• _WHAT IS REQUIRED_
Output exactly the lines that come between the start of the material and the line containing "7 сентября 2025", both ends included, with the pictures omitted.

• _EXERCISE DATA_

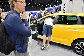 Международная выставка автомобильной промышленности "Авто+Автомеханика Санкт-Петербург" в КВЦ "Экспофорум". Жанровая фотография. Посетители на выставке.
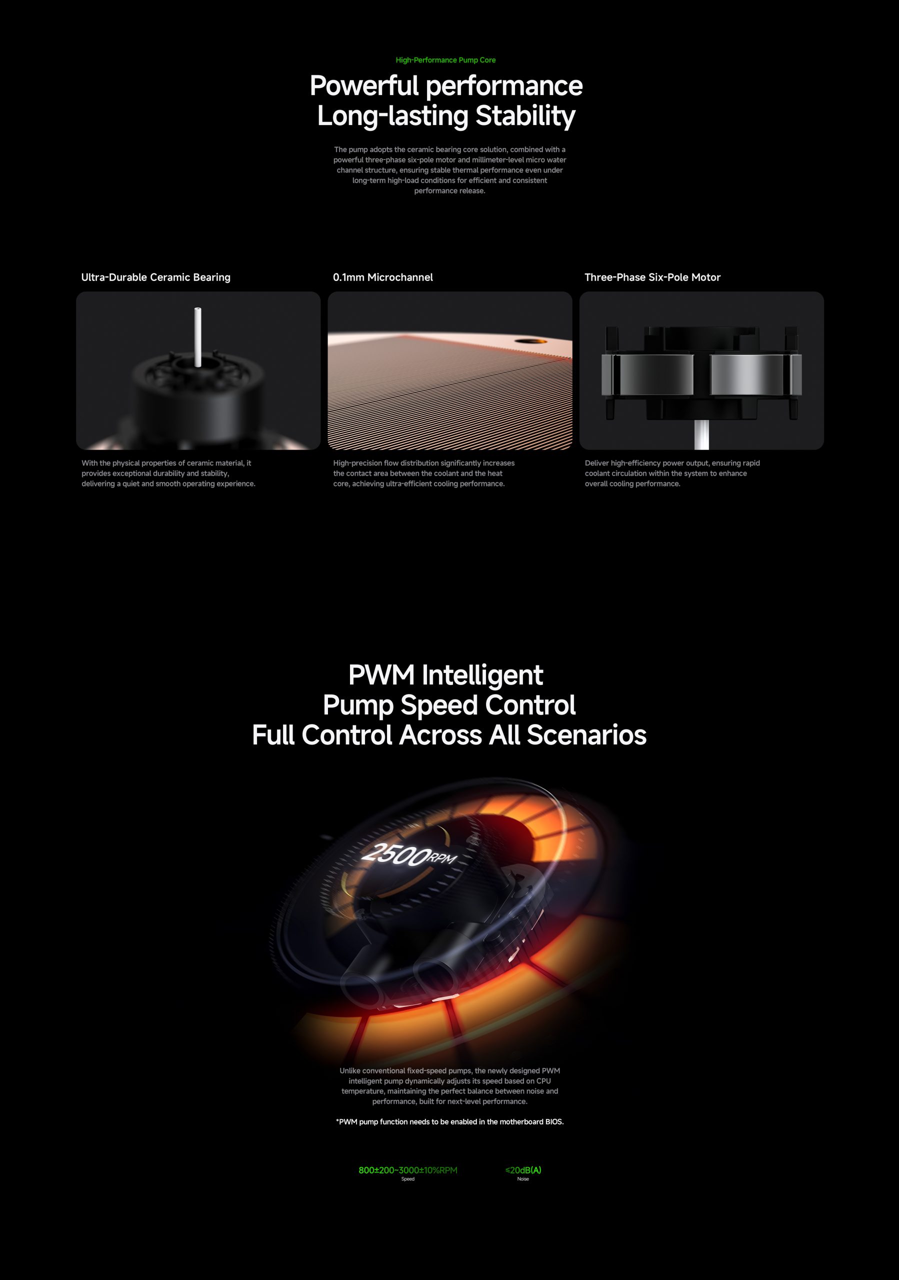 •High-performance pump with ceramic bearing, 0.1mm microchannel, three-phase six-pole motor, and PWM control function
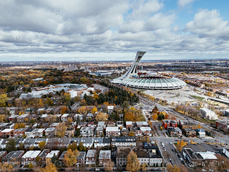 7 сентября 2025 года полет беспилотника над воздушным видом на реконструкцию Олимпийского стадиона и ботанический сад осенних цветов в Монреале, Квебек, Канада
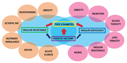 The state of insulin resistance is inherited in patients with T2D and, some specific cellular and molecular abnormalities that affect the biologic action of insulin in tissues have been identified [5,6]. The responsible genes are known to be linked to some common gene variations, known as single nucleotide polymorphisms [SNPs]. Although the actual genetic defects underlying the risk for T2D have not yet been fully identified. It is believed that susceptible individuals carry genotypes that predispose the development of tissue insulin resistance at the cellular level. Whether there are additional genes that account for defective islet-cell responses to glucose and other stimuli is not entirely clear. In any case, this genetic material has very high penetrance and tends to occur frequently in first-degree relatives. In addition to the genetic imprint, numerous environmental factors, most importantly body weight and fat excess, sedentary lifestyle and lack of exercise, play a critical role and aggravate the inherited resistance to insulin action [7]. It is now recognized that in susceptible individuals, the presence of one or many of these conditions contributes to worsening of the metabolic state of tissue insulin resistance. In the long-term, the invariable outcome is the acceleration of beta-cell failure evolving to complete exhaustion manifested with overt type 2 diabetes [8].
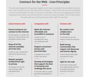 On the nearly sixty groups and individuals already signed up, Berners-Lee commented on the “richness” of the list — that we want everyone from large companies to groups of women in developing countries. “If we’re going to decide on the way we all together work towards having a web that has the right values,” he said, “we don’t want it to be a white guy’s contract, we want it to be a contract with everybody.”
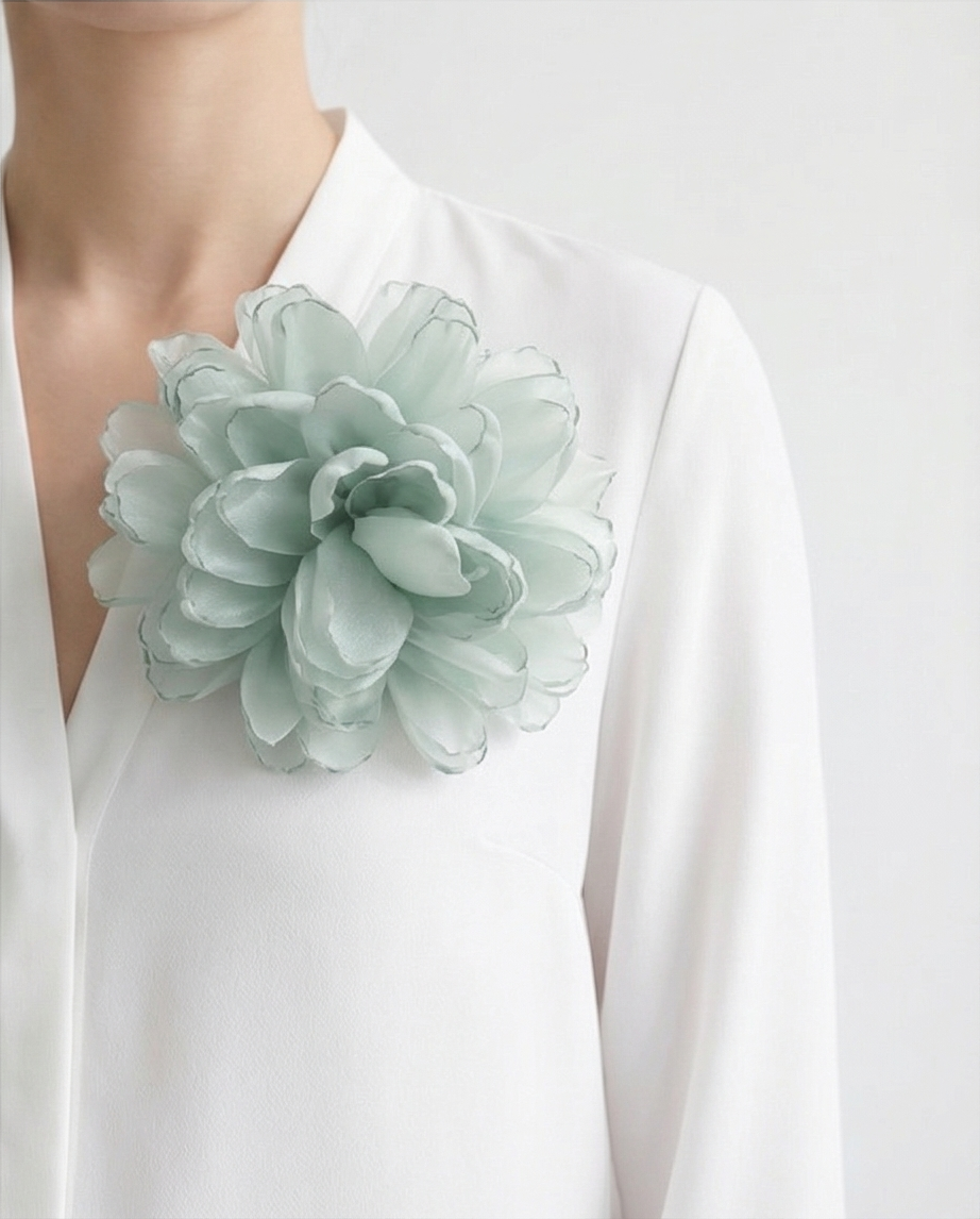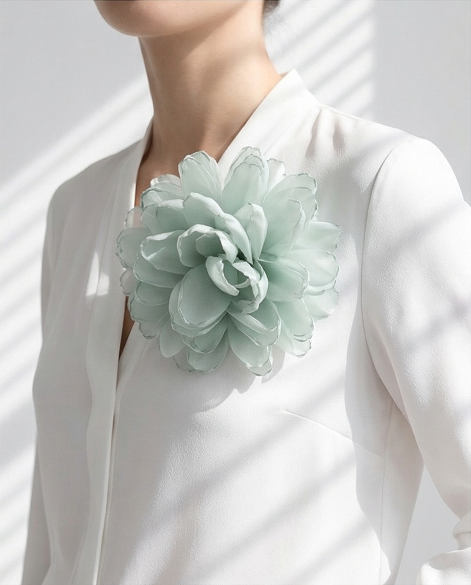 • Broche flor azul claro em tecido preso a casaco branco
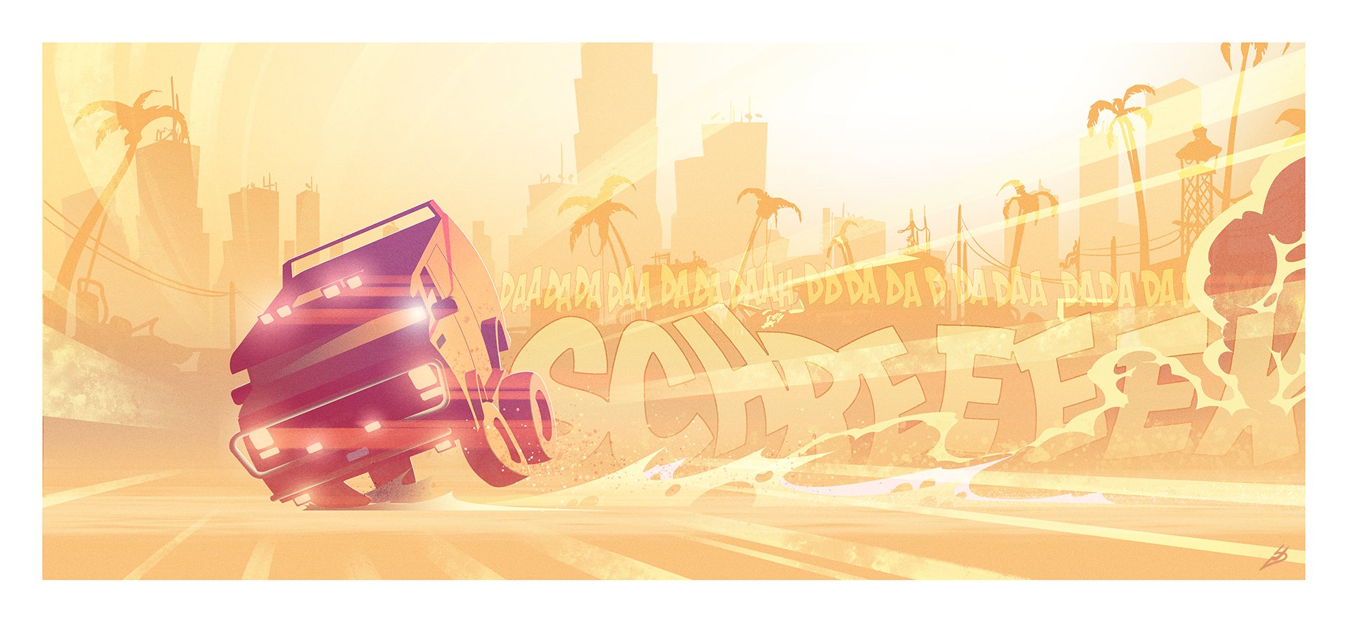 This illustration is inspired by the outstanding chases featured in The A-Team, a staple of my Saturday evenings in the 80s.
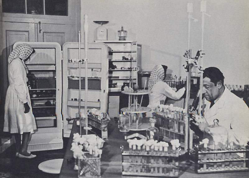 Исследовательский центр по производству вакцины в Кабуле в 1960-ых годах. Сегодня медицинские услуги ограничиваются несколькими факторами, включая отсутствие электричества. Менее 20% афганцев имеют доступ к электричеству, многие дома освещаются керосиновыми лампами, а с жарой борются слабые вентиляторы.
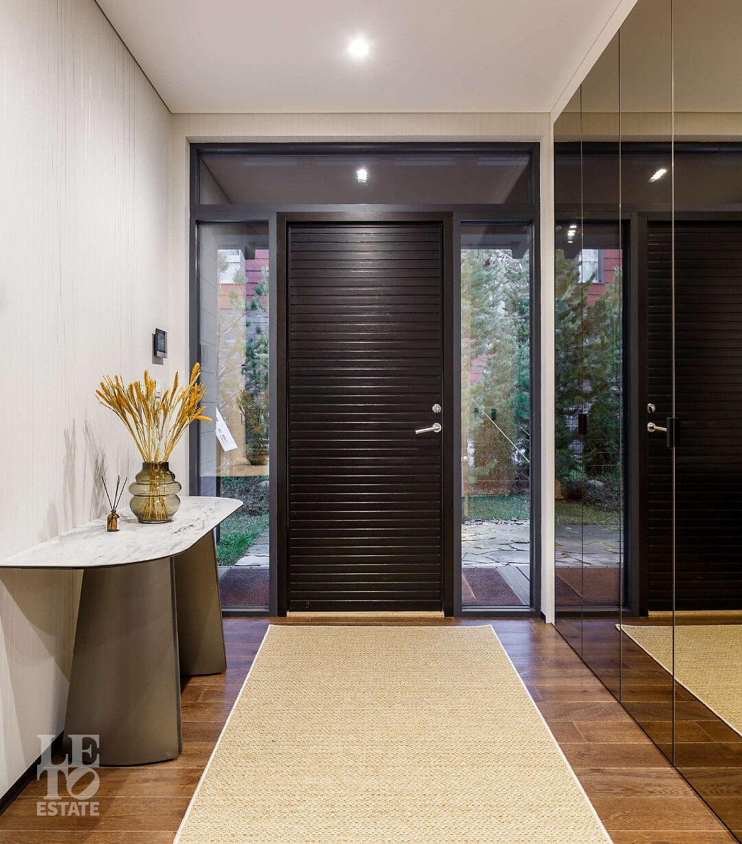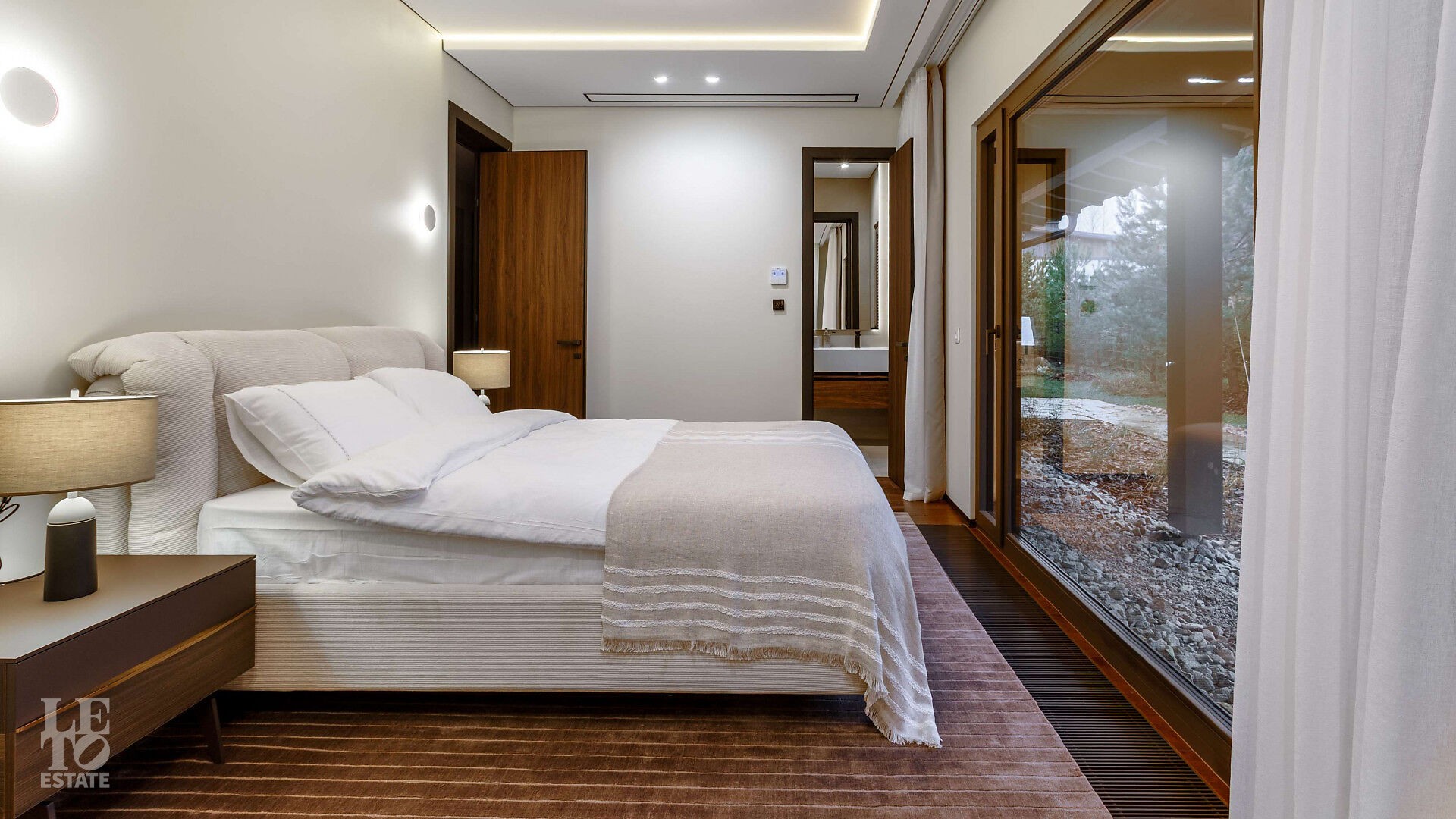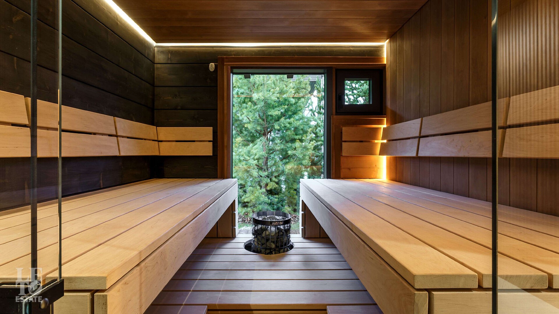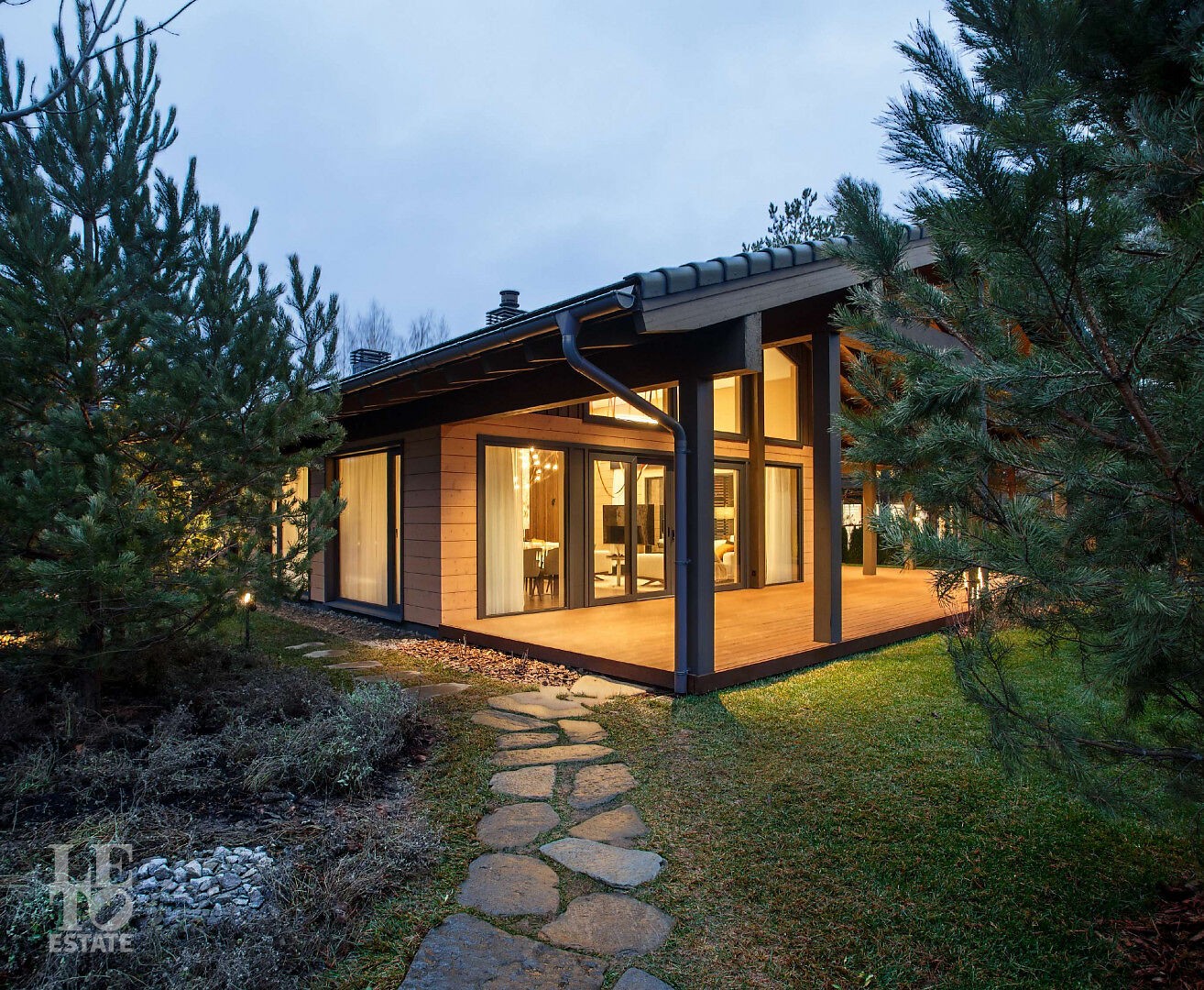 Панорамные двухкамерные алюминиевые энергоэффективные окна и деревянные финские двери Kaski с системой климат-контроля. Профессиональная архитектурная подсветка, разработанная
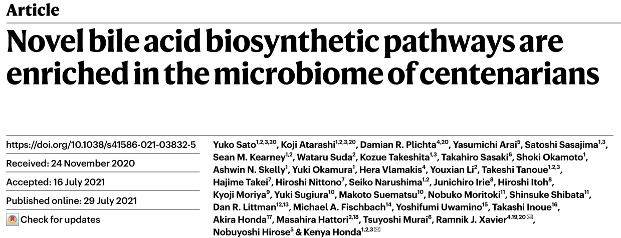 7月|Nature:新膽汁酸生物合成途徑在百歲老人的微生物群中富集
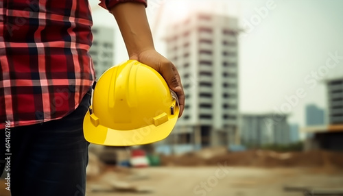 Close up of engineer hand holding yellow hard hat on construction site background, Generative ai

• _ANSWER FOR THIS EXERCISE_
 Международная выставка автомобильной промышленности "Авто+Автомеханика Санкт-Петербург" в КВЦ "Экспофорум". Жанровая фотография. Посетители на выставке.
 •High-performance pump with ceramic bearing, 0.1mm microchannel, three-phase six-pole motor, and PWM control function
 7 сентября 2025 года полет беспилотника над воздушным видом на реконструкцию Олимпийского стадиона и ботанический сад осенних цветов в Монреале, Квебек, Канада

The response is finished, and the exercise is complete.